Consider \(n\) distinct objects \(a_1,a_2,\ldots,a_n\). An \(r\)-permutation of \(a_1,a_2,\ldots,a_n\) is of the form
\[(a_{i_1},a_{i_2},\ldots,a_{i_r}).\]
For \(i=1,2,\ldots,n\), there are \(n+1-i\) ways to choose the \(i\)th entry of an \(r\)-permutation of \(a_1,a_2,\ldots,a_n\).
By the product rule,
\[P(n,r)=\prod_{i=1}^r (n+1-i)=n(n-1)(n-2)\cdots (n-r+1)=\frac{n!}{(n-r)!}.\]

**Remark.**

- \(P(n,r)=\frac{n!}{(n-r)!}\) is still valid for \(r=0\) because \(P(n,0)=\frac{n!}{n!}=1\).
- \(P(n,n)=\frac{n!}{0!}=n!\) is the number of permutations of \(n\) distinct objects, i.e., there are \(n!\) ways to order \(n\) distinct objects.

**Example.**
Find the number of ways to select the first, second, and third prize winners from 10 contestants.

*Solution.*
The number of ways to select the first, second, and third prize winners from 10 contestants is
\[P(10,3)=\frac{10!}{(10-3)!}=\frac{10!}{7!}=10\cdot 9 \cdot 8=720.\]
The above answer is basically obtained by the product rule.

**Example.**
Find the number of permutations of the letters a, b, c, d, e, f, g containing (a) bad, (b) bad and gf.

*Solution.*

(a) The number of permutations of the letters a, b, c, d, e, f, g containing bad is the number of permutations of 5 objects bad, c, e, f, g which is
\(P(5,5)=5!=120\).

(b) The number of permutations of the letters a, b, c, d, e, f, g containing bad and gf is the number of permutations of 4 objects bad, gf, c, e
which is \(P(4,4)=4!=24\).

**Example.**
How many ways are there for \(8\) men and \(6\) women to stand in a line so that no two women stand next to each other.

*Solution.*
First \(8\) men can be ordered in a line in \(8!\) ways. For each of these \(8!\) ordering of men, there are \(9\) places of which \(6\)
would be filled by \(6\) women. This can be done in
\[P(9,6)=\frac{9!}{(9-6)!}=\frac{9!}{3!}\]
ways. By the product rule, the number of ways for \(8\) men and \(6\) women to stand in a line so that no two women stand next to each other is
\[8! \cdot \frac{9!}{3!}=2,438,553,600.\]

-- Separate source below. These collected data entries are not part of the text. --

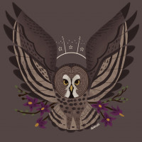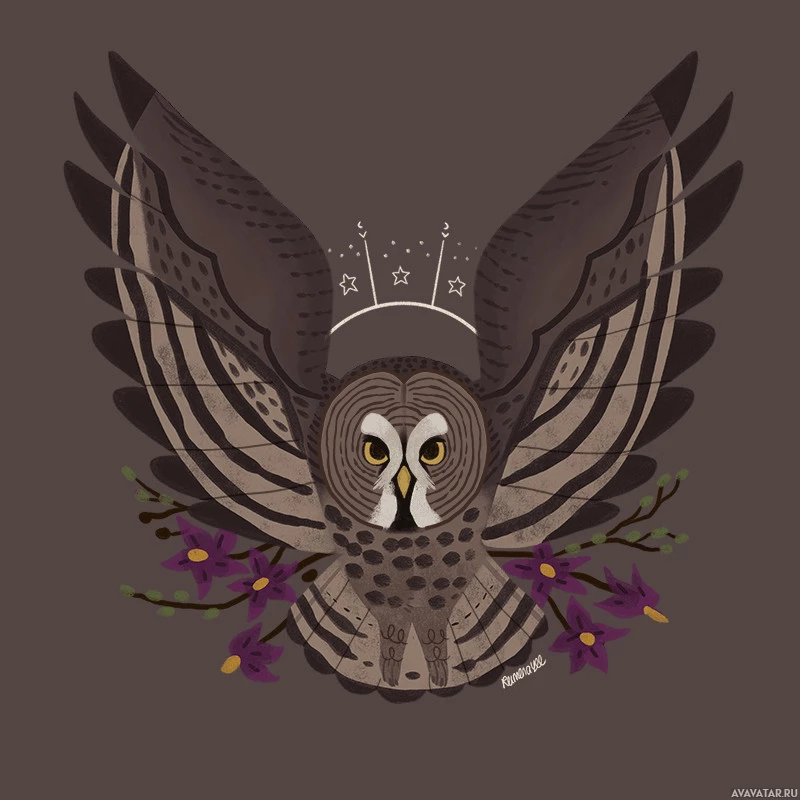 the head of the owl, there are what appear to be star-shaped designs, suggesting a mystical or celestial theme. At the bottom of the illustration, there are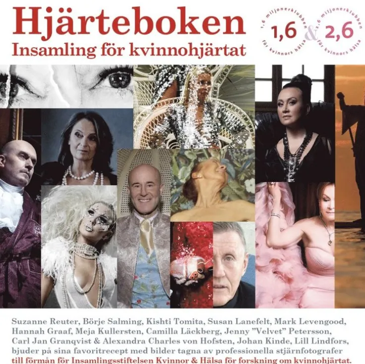 Hjärteboken säljs till förmån för forskning på kvinnohjärtat. Initiativet är taget av 1.6&2.6miljonerklubben och stiftelsen Kvinnor och Hälsa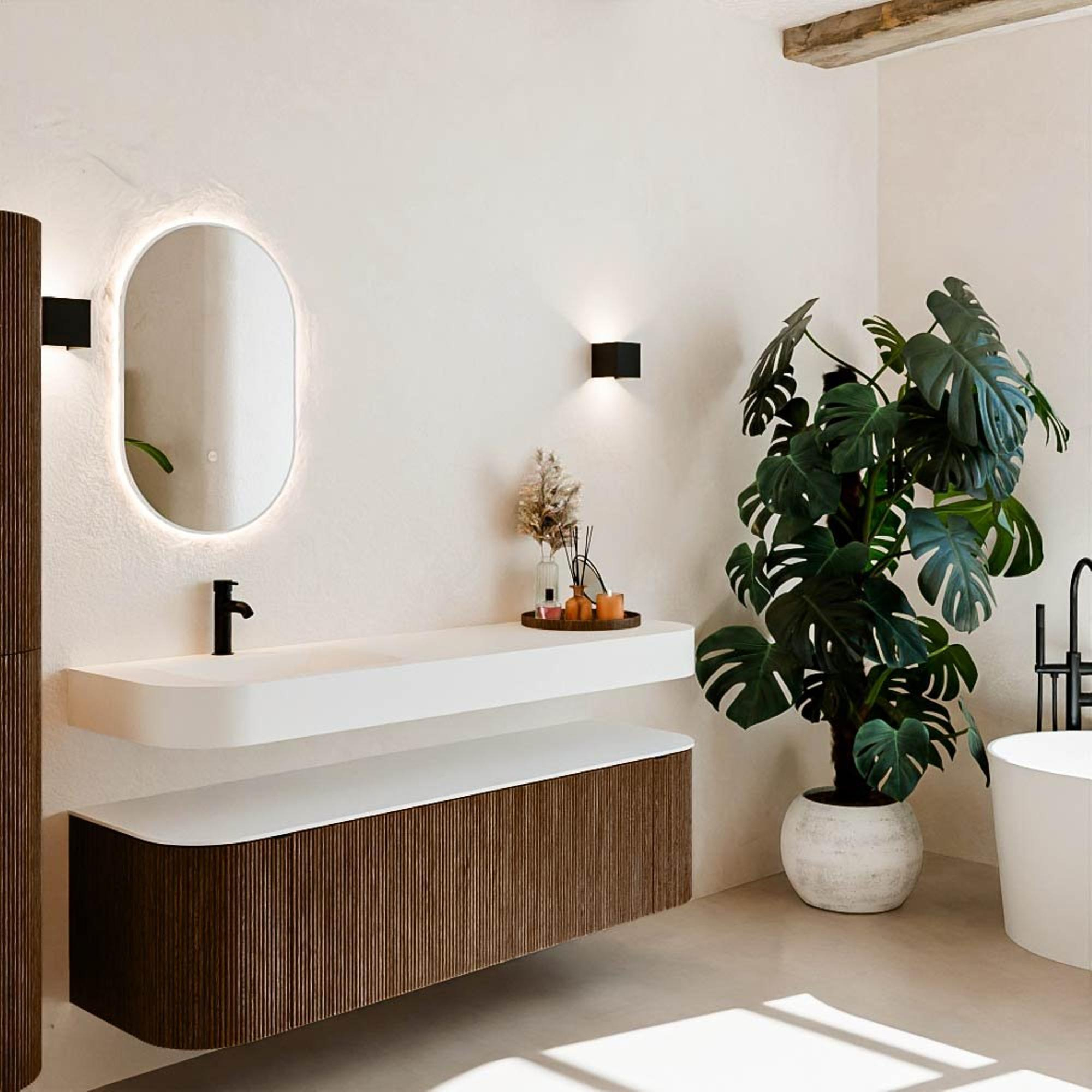 Matériaux naturels dans des tons chauds. Les nervures verticales apportent rythme et texture au design, tandis que le chêne confère une apparence chaleureuse et artisanale. Choisissez parmi 5 teintes de bois OAK, WALNUT, DUSK, SHADOW et RUBY, des couleurs de bois soigneusement sélectionnées pour enrichir les salles de bains modernes et classiques.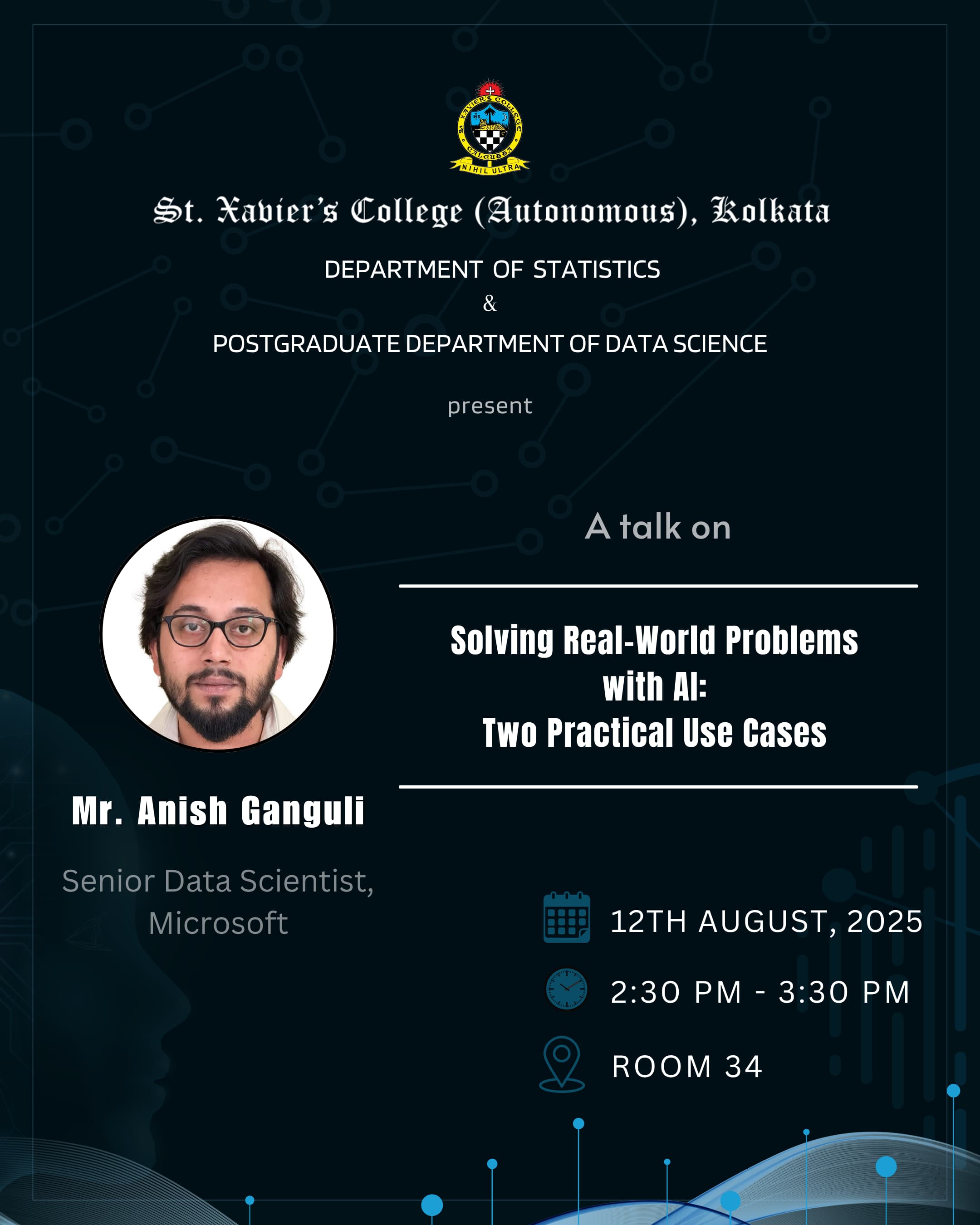 Mr. Anish Ganguli, Senior Data Scientist at Microsoft delivered a talk titled "Solving Real-World Problems with AI: Two Practical Use Cases" navigating the process of converting business questions into technical models suitable for analysis on 12th August, 2025 at the talk session organized by the Department of Statistics and the Postgraduate Department of Data Science.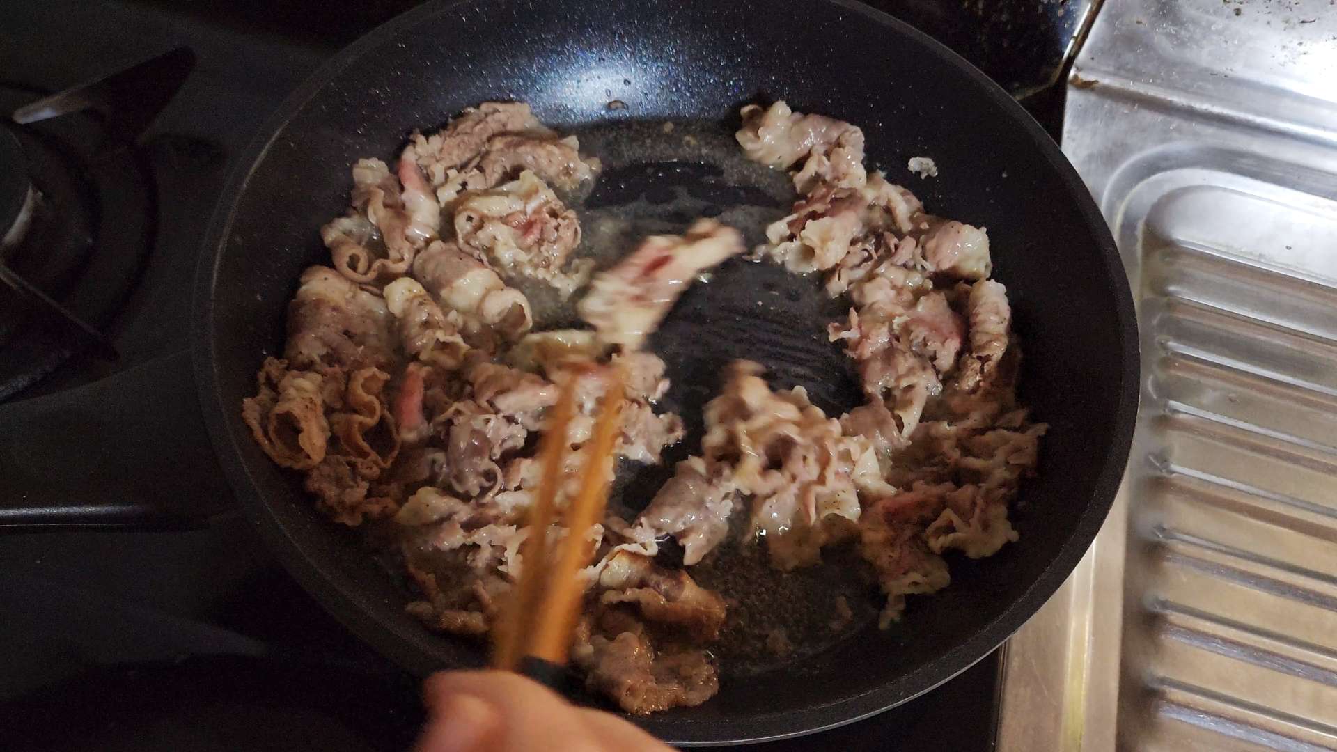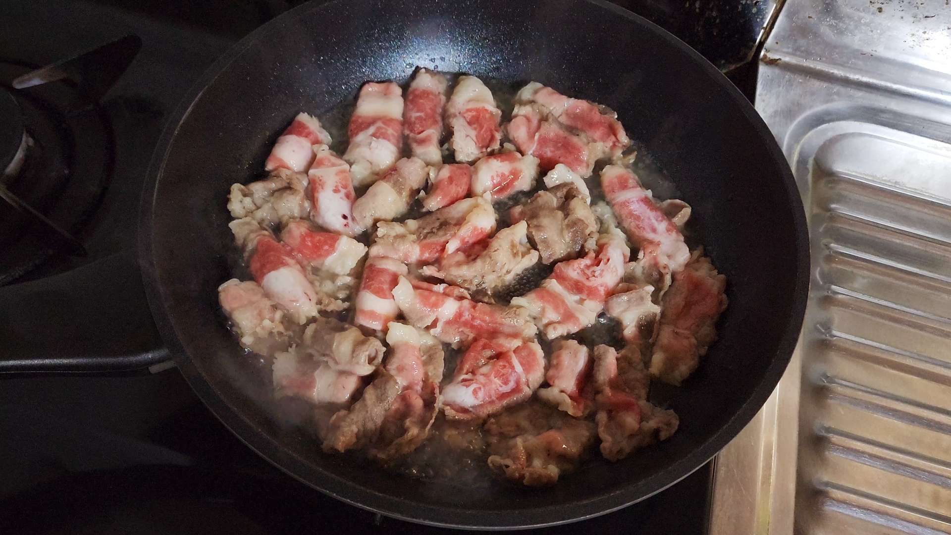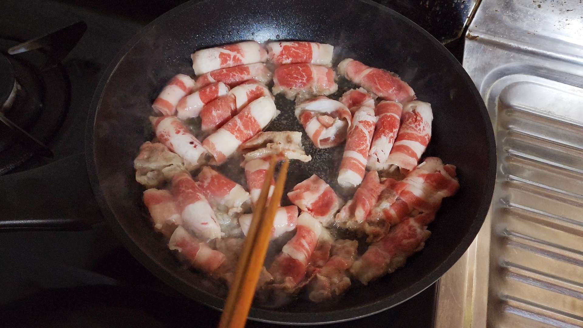강불로 달군팬에 식용유를 두르고 우삼겹을 넣고 구워줍니다.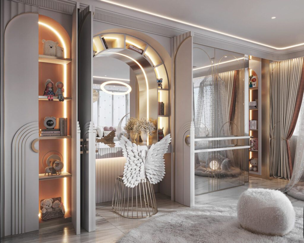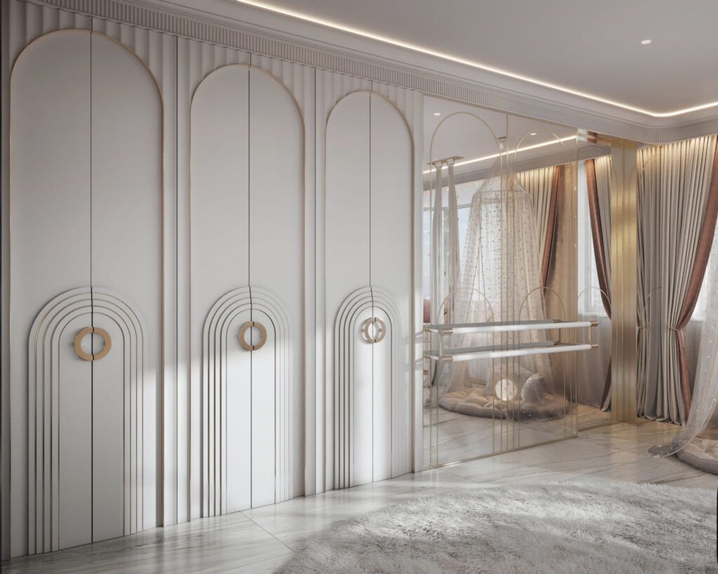 Неоклассический. Неоклассика – это более мягкая и современная версия классического стиля. Детская для девочки в неоклассическом стиле – это настоящая комната принцессы. Для него характерны дорогие, натуральные материалы отделки и мебели, натуральные цвета, геометрические и флористические орнаменты на обоях и текстиле, мебель с плавными, изогнутыми линиями, фасками и декоративными элементами в старинном стиле, подвесные потолочные люстры, картины и статуэтки в качестве декора.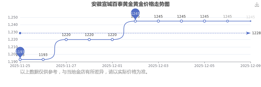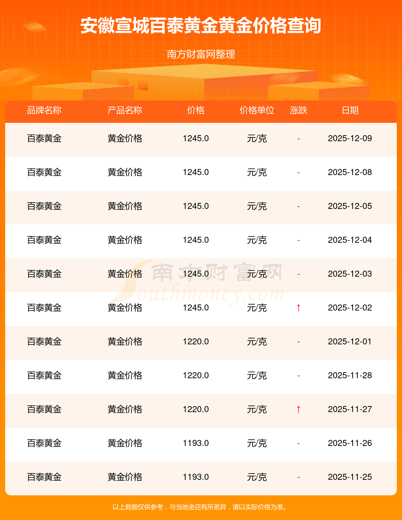 1245.0元/克,此乃安徽宣城百泰黃金于 2025年12月9日黃金價(jià)格的掛牌價(jià)格。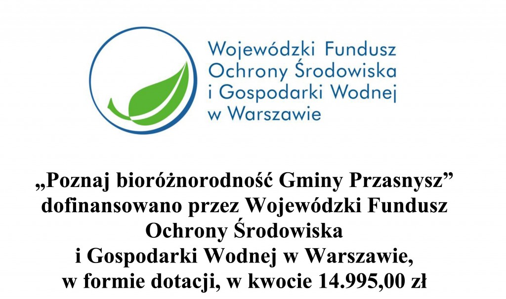 Konkurs pn. „Poznaj bioróżnorodność Gminy Przasnysz” został dofinansowany przez WFOŚiGW kwotą w wysokości 14 995,00 zł. Stanowiło to 90% całości środków przeznaczonych na realizację całego przedsięwzięcia.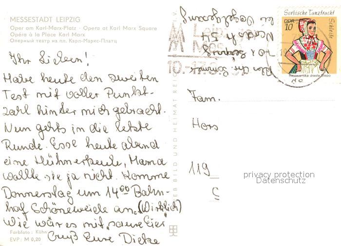 72941716 alte Postkarte LEIPZIG Sachsen Oper am Karl Marx Platz postalisch gelaufen Erhaltung siehe scans [WerneD78] KatCode: 11110014365000

**Definition** (Combination).
For a positive integer \(r\leq n\), an *\(r\)-combination* of \(n\) distinct objects is an unordered arrangement or selection
of \(r\) distinct objects chosen from these \(n\) distinct objects. The number of \(r\)-combinations of \(n\) distinct objects is denoted by
\(C(n,r)\) or \(\displaystyle\binom{n}{r}\) (read as \(n\) choose \(r\)).

**Theorem.**
Let \(n\) and \(r\) be two integers and \(0\leq r\leq n\). Then
\[\binom{n}{r}=\frac{P(n,r)}{r!}=\frac{n!}{r!(n-r)!}.\]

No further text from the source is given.